START INFORMATION

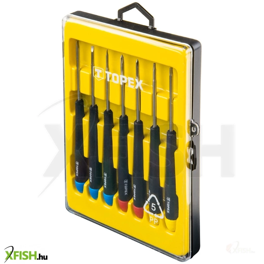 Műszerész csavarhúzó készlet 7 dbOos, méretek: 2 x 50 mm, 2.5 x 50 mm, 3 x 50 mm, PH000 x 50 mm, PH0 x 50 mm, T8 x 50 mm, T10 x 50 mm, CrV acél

END INFORMATION
START INFORMATION

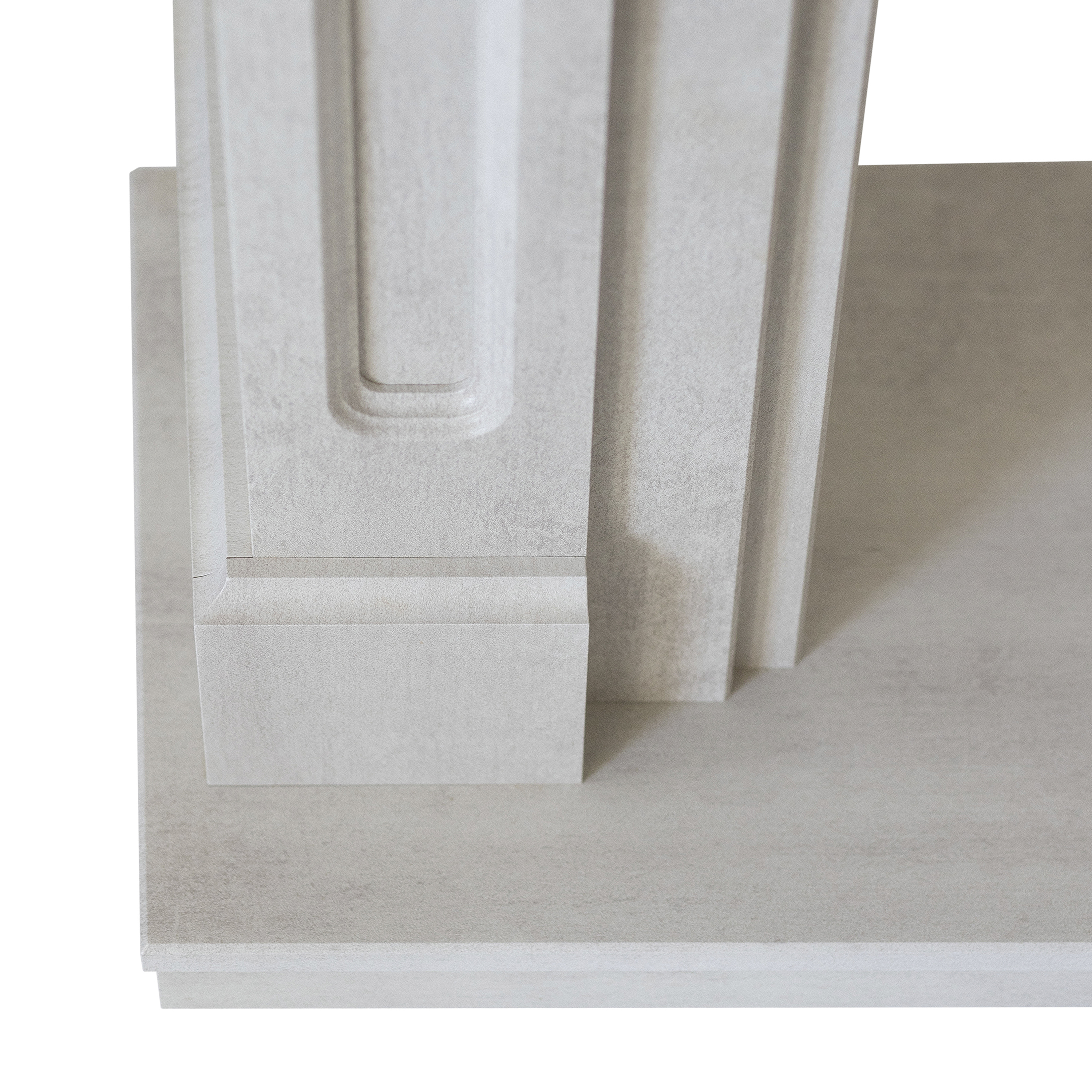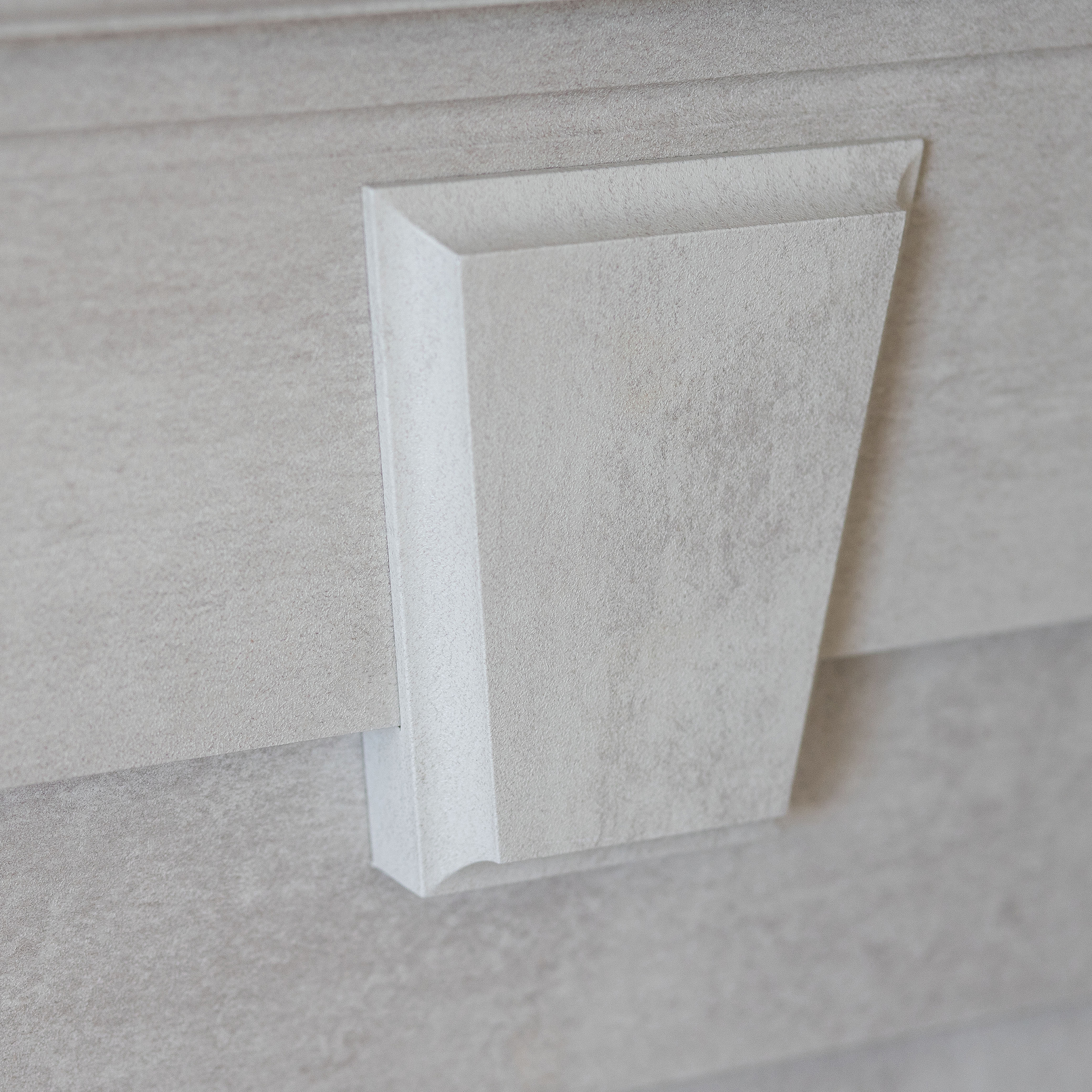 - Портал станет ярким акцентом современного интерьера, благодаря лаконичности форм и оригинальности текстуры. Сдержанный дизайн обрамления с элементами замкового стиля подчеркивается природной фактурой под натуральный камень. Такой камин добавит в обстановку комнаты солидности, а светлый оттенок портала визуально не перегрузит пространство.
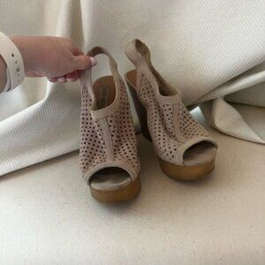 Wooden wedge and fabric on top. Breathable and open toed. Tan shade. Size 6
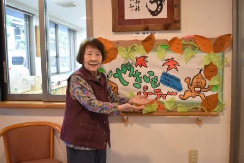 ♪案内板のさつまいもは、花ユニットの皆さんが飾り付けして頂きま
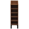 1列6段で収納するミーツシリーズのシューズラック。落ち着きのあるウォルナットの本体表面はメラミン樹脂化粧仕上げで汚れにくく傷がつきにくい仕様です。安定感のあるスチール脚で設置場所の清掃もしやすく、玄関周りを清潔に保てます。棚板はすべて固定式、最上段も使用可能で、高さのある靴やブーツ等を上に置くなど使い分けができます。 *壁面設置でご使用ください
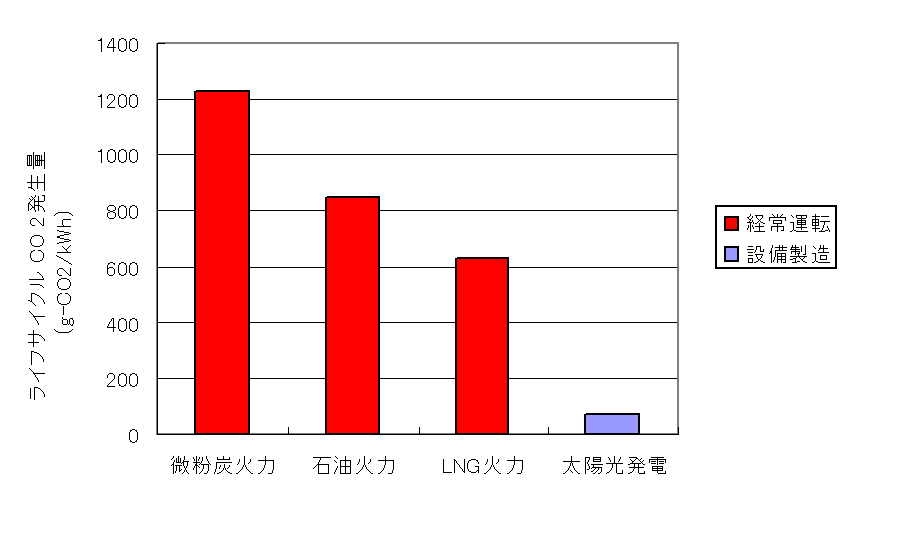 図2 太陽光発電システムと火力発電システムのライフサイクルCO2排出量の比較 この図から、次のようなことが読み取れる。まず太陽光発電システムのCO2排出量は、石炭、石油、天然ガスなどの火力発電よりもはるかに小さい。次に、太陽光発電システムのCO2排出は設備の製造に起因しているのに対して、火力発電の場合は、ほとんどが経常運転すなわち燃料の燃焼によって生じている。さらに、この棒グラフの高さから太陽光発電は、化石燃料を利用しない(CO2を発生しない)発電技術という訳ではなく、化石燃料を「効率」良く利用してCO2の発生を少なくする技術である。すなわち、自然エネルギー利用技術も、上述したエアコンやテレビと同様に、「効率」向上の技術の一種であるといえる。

END INFORMATION
START INFORMATION

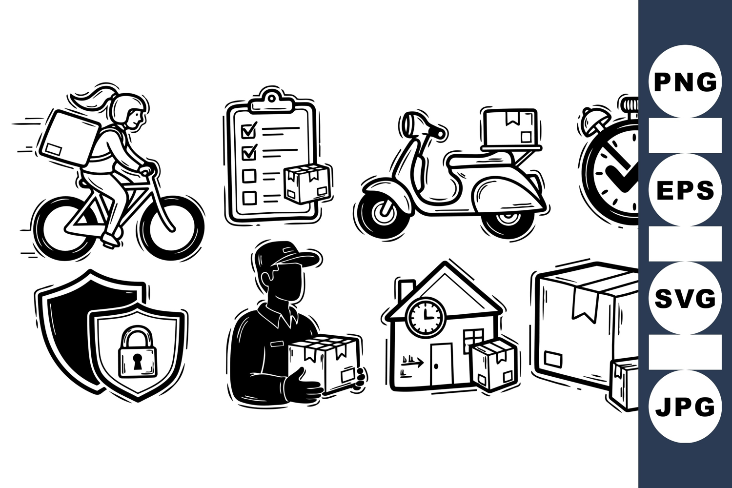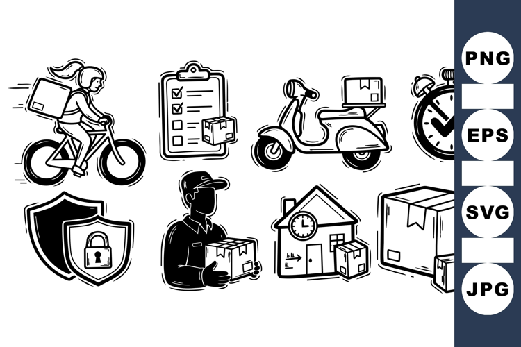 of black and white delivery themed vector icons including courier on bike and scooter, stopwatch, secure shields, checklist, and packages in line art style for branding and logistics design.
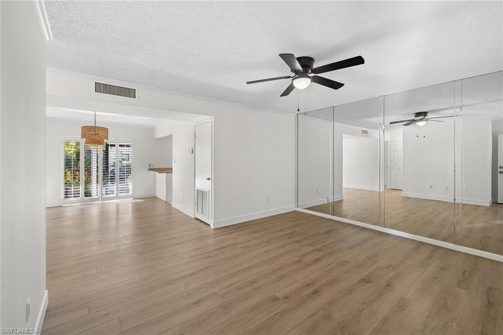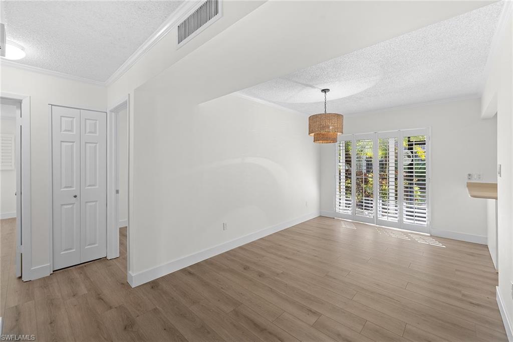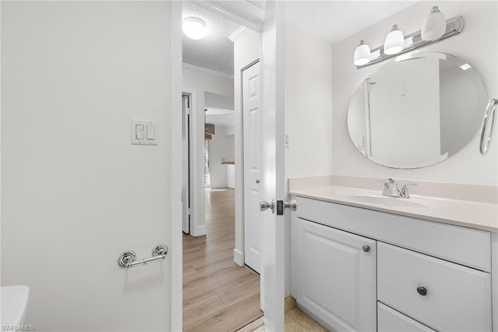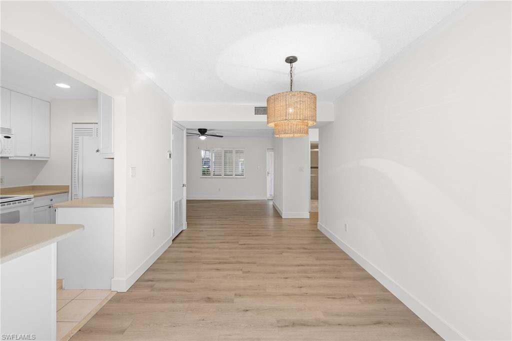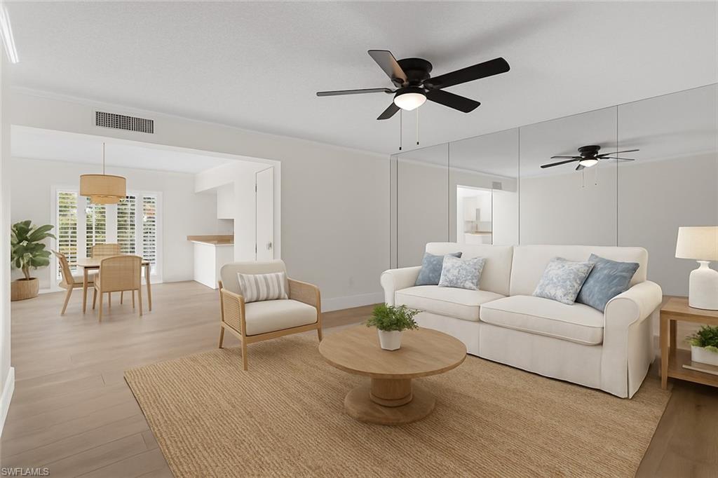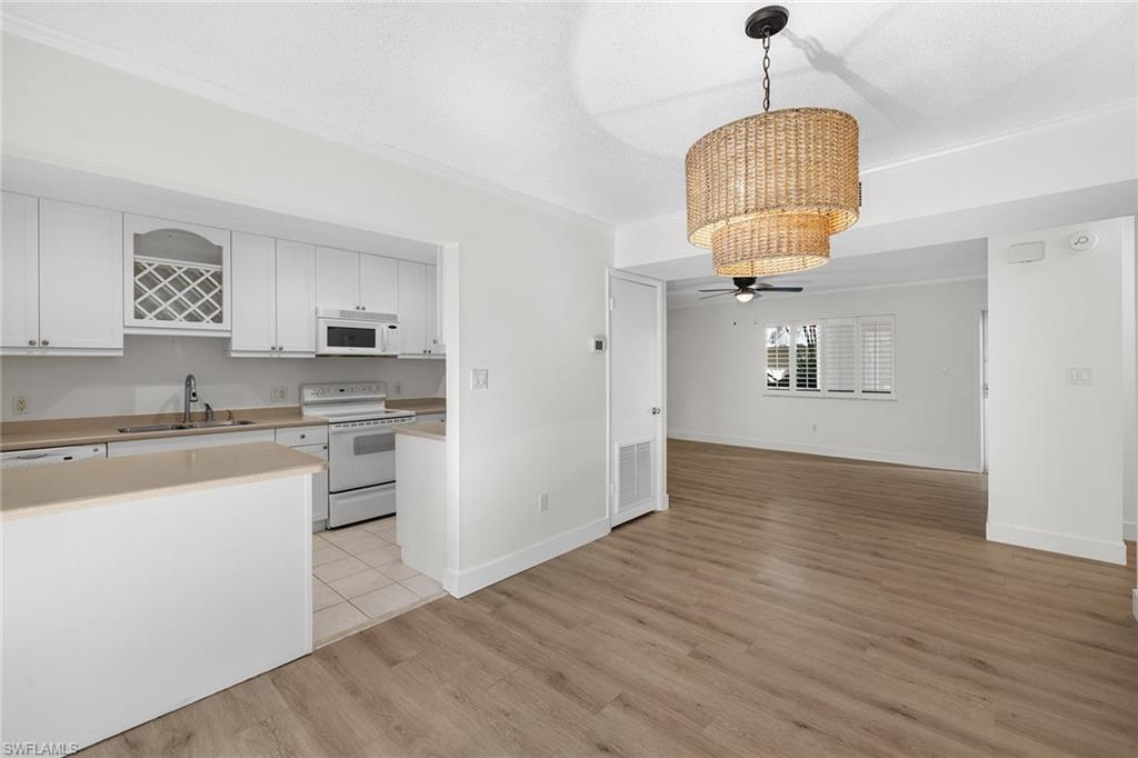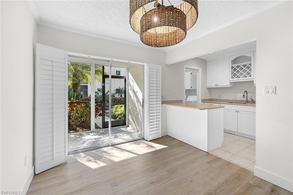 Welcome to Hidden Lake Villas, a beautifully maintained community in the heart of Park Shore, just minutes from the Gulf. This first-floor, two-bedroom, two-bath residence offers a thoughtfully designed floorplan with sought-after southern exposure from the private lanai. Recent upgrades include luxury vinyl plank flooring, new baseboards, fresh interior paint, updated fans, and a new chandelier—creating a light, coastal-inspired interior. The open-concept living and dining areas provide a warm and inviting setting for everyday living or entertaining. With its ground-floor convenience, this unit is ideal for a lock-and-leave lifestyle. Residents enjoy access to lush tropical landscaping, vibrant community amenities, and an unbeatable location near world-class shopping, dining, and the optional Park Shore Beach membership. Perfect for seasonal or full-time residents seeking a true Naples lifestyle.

END INFORMATION

WHAT TO WORK ON: Using the data above, set down each line from the line with "- Портал станет" to the line with "1列6段で収納するミーツシリ" exactly, both ends included, and leave the pictures behind. Nothing else belongs.

ANSWER BOX:
 - Портал станет ярким акцентом современного интерьера, благодаря лаконичности форм и оригинальности текстуры. Сдержанный дизайн обрамления с элементами замкового стиля подчеркивается природной фактурой под натуральный камень. Такой камин добавит в обстановку комнаты солидности, а светлый оттенок портала визуально не перегрузит пространство.
 Wooden wedge and fabric on top. Breathable and open toed. Tan shade. Size 6
 ♪案内板のさつまいもは、花ユニットの皆さんが飾り付けして頂きま
 1列6段で収納するミーツシリーズのシューズラック。落ち着きのあるウォルナットの本体表面はメラミン樹脂化粧仕上げで汚れにくく傷がつきにくい仕様です。安定感のあるスチール脚で設置場所の清掃もしやすく、玄関周りを清潔に保てます。棚板はすべて固定式、最上段も使用可能で、高さのある靴やブーツ等を上に置くなど使い分けができます。 *壁面設置でご使用ください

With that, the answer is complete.